> Data records
_____

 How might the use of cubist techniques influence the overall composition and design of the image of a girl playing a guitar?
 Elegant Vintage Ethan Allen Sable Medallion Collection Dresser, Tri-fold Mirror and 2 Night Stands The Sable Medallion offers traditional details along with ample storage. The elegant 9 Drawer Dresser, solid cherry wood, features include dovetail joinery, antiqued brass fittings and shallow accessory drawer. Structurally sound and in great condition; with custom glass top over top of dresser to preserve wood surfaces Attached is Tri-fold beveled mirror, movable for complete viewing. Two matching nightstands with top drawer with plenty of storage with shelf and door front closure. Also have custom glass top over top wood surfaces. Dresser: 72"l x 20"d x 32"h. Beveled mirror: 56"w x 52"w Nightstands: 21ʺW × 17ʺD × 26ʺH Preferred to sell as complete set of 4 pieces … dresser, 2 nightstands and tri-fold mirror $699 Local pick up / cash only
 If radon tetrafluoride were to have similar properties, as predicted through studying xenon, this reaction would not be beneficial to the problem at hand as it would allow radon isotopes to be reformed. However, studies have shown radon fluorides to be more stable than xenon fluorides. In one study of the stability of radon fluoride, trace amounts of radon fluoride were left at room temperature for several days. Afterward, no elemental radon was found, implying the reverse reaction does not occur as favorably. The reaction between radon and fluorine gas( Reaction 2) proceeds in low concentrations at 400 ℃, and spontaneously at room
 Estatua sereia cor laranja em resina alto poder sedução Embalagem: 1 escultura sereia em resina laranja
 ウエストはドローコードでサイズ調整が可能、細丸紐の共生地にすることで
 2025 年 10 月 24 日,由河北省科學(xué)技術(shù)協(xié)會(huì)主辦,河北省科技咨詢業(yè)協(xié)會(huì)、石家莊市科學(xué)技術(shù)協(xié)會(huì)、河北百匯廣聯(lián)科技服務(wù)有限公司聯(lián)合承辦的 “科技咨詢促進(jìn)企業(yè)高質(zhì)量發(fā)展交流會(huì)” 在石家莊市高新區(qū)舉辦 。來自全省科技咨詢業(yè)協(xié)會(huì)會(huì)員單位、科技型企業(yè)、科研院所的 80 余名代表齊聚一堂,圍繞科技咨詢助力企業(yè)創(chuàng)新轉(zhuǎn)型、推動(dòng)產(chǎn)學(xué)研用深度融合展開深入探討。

_____

> YOUR INSTRUCTIONS
Output exactly the lines from the one containing "Estatua sereia cor" through the last line of the records, both included. Output nothing else.

> OUTPUT OF THE TASK
 Estatua sereia cor laranja em resina alto poder sedução Embalagem: 1 escultura sereia em resina laranja
 ウエストはドローコードでサイズ調整が可能、細丸紐の共生地にすることで
 2025 年 10 月 24 日,由河北省科學(xué)技術(shù)協(xié)會(huì)主辦,河北省科技咨詢業(yè)協(xié)會(huì)、石家莊市科學(xué)技術(shù)協(xié)會(huì)、河北百匯廣聯(lián)科技服務(wù)有限公司聯(lián)合承辦的 “科技咨詢促進(jìn)企業(yè)高質(zhì)量發(fā)展交流會(huì)” 在石家莊市高新區(qū)舉辦 。來自全省科技咨詢業(yè)協(xié)會(huì)會(huì)員單位、科技型企業(yè)、科研院所的 80 余名代表齊聚一堂,圍繞科技咨詢助力企業(yè)創(chuàng)新轉(zhuǎn)型、推動(dòng)產(chǎn)學(xué)研用深度融合展開深入探討。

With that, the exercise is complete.